=== Assignment ===
All entries should be copied exactly; the pictures stay out.

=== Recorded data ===
== Segment start ==

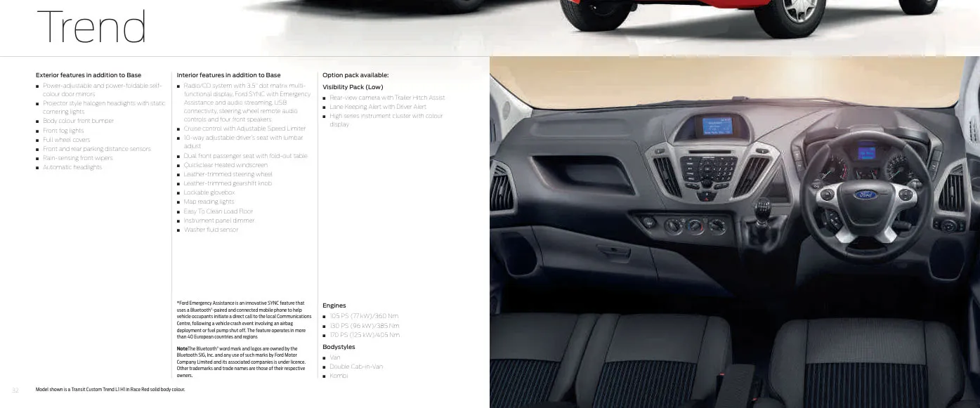Trend models of the Ford Transit Custom come with a Radio/ CD system with 3.5" dot matrix multifunctional display, Ford SYNC with Emergency Assistance and audio streaming, USB connectivity, Steering wheel remote audio controls and four front speakers.
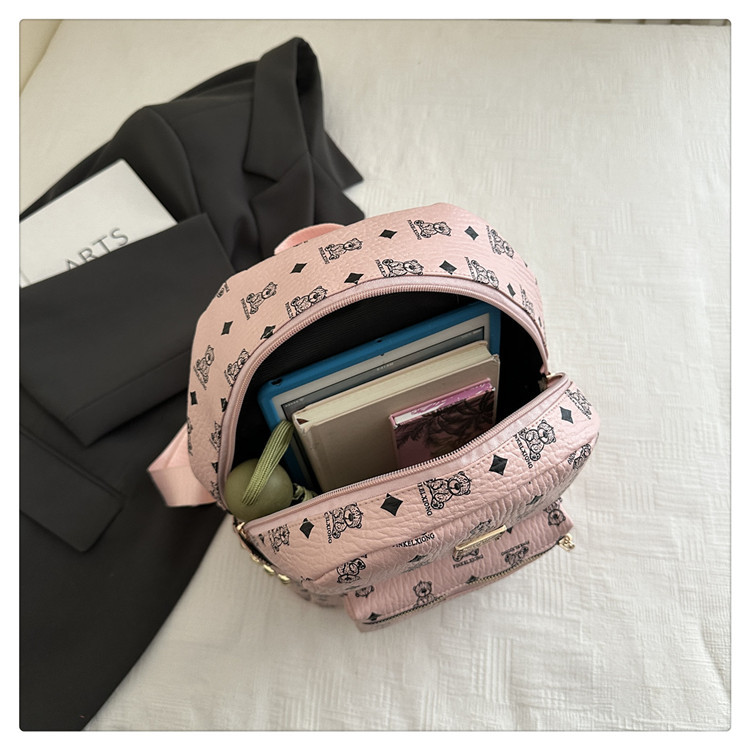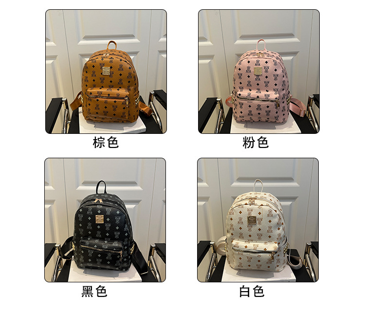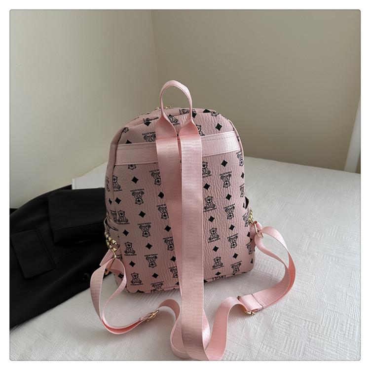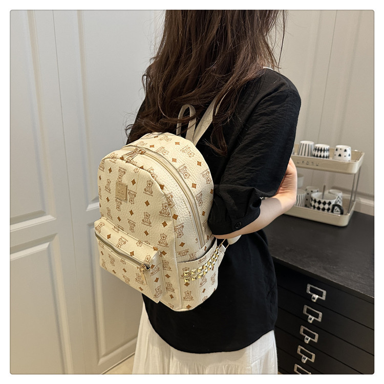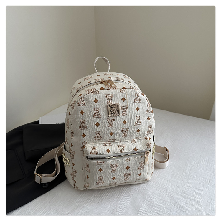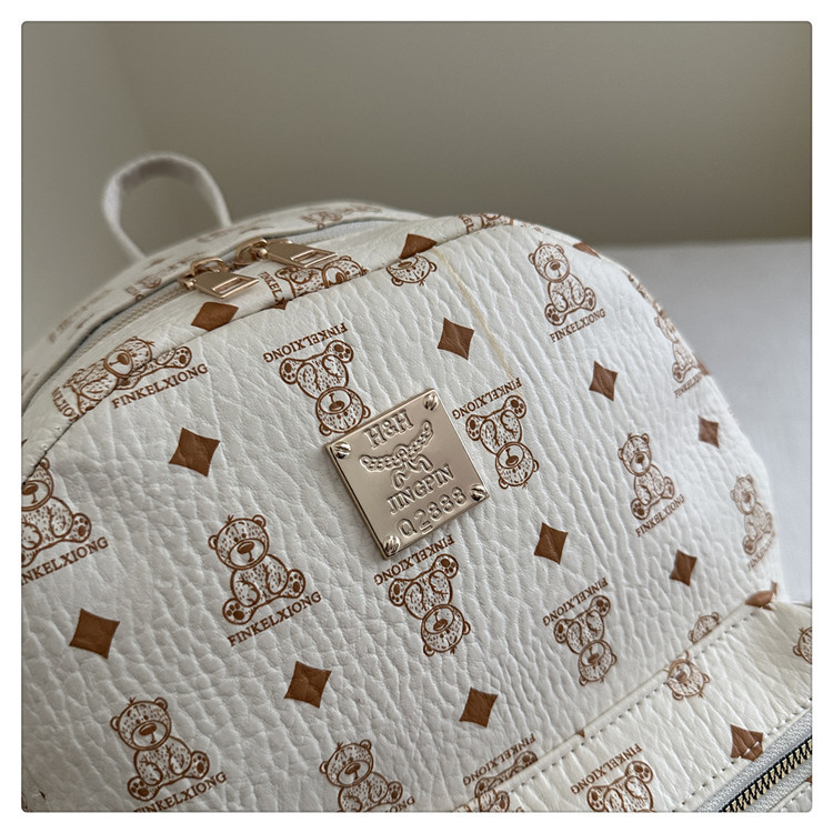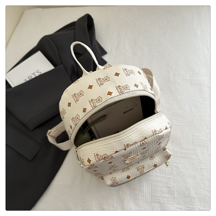 女包新款时尚小众旅游复古女小熊印花双肩背包学生书包双肩包女士
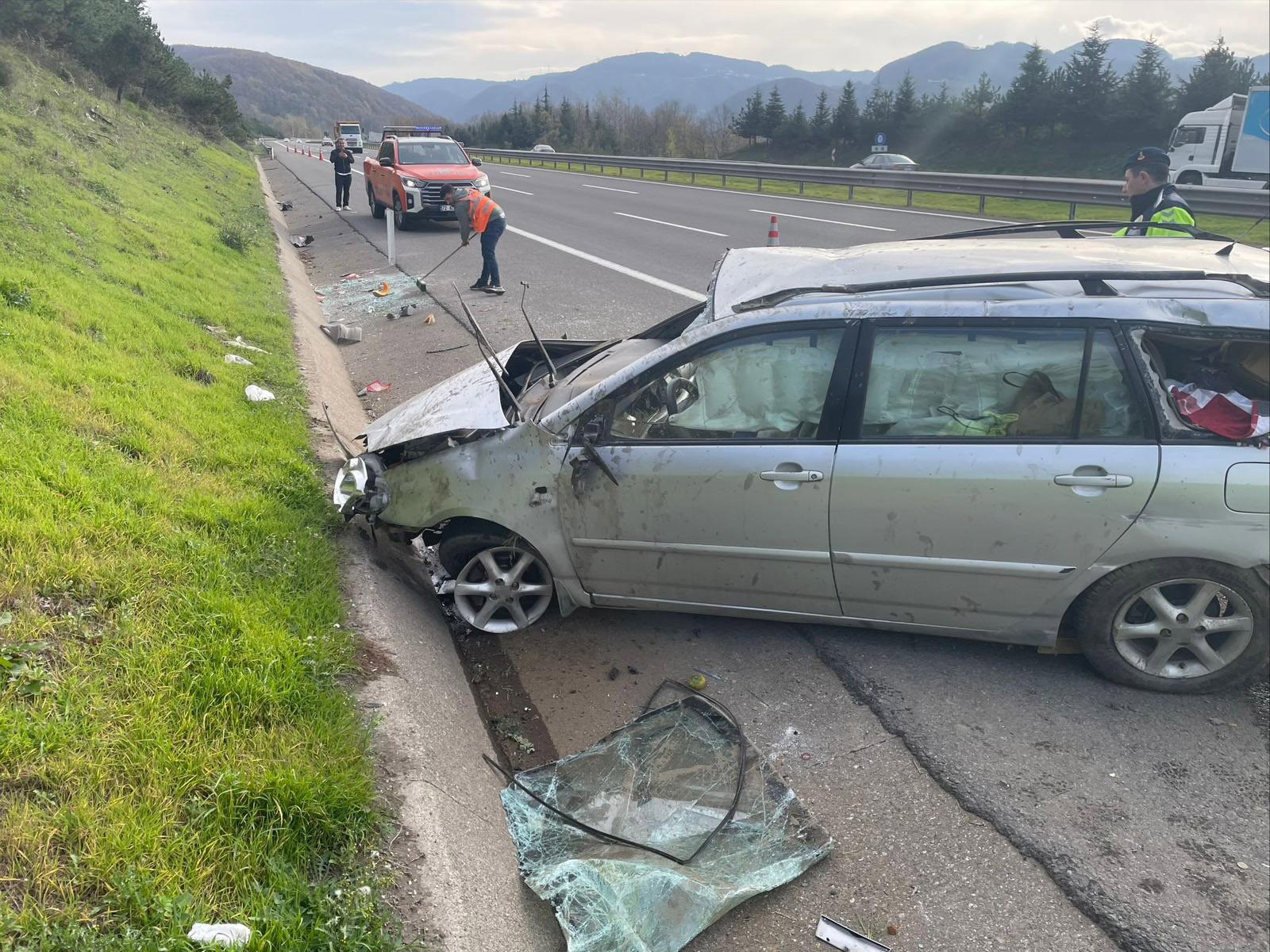 Anadolu Otoyolu Düzce geçişinde lastiği patlayan otomobil bariyere çarparak takla attı.
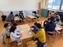 今回はひだまりルームでマラカス作りを楽しみました。小さなペットボトルの周りに、シールやテープで飾り付けをして、その中にどんぐりなどを入れた後に、紐を付けて完成しました。マラカスにシールをたくさん貼ったり、上手にどんぐりをつまんで入れたりと、お家の人と一緒に楽しみながら作り、素敵なマラカスが沢山できました。出来上がった後はみんなで「どんぐりころころ」を歌って楽器を鳴らし、楽しみました。
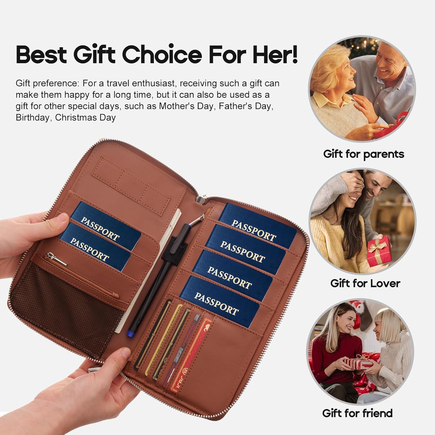 RFID Blocking Family Passport Holder Wallet 6,Premium Leather Travel Document Organizer for Women and Men,Travel Wallet for Credit Card

== Segment end ==

=== Reply to the task ===
Trend models of the Ford Transit Custom come with a Radio/ CD system with 3.5" dot matrix multifunctional display, Ford SYNC with Emergency Assistance and audio streaming, USB connectivity, Steering wheel remote audio controls and four front speakers.
 女包新款时尚小众旅游复古女小熊印花双肩背包学生书包双肩包女士
 Anadolu Otoyolu Düzce geçişinde lastiği patlayan otomobil bariyere çarparak takla attı.
 今回はひだまりルームでマラカス作りを楽しみました。小さなペットボトルの周りに、シールやテープで飾り付けをして、その中にどんぐりなどを入れた後に、紐を付けて完成しました。マラカスにシールをたくさん貼ったり、上手にどんぐりをつまんで入れたりと、お家の人と一緒に楽しみながら作り、素敵なマラカスが沢山できました。出来上がった後はみんなで「どんぐりころころ」を歌って楽器を鳴らし、楽しみました。
 RFID Blocking Family Passport Holder Wallet 6,Premium Leather Travel Document Organizer for Women and Men,Travel Wallet for Credit Card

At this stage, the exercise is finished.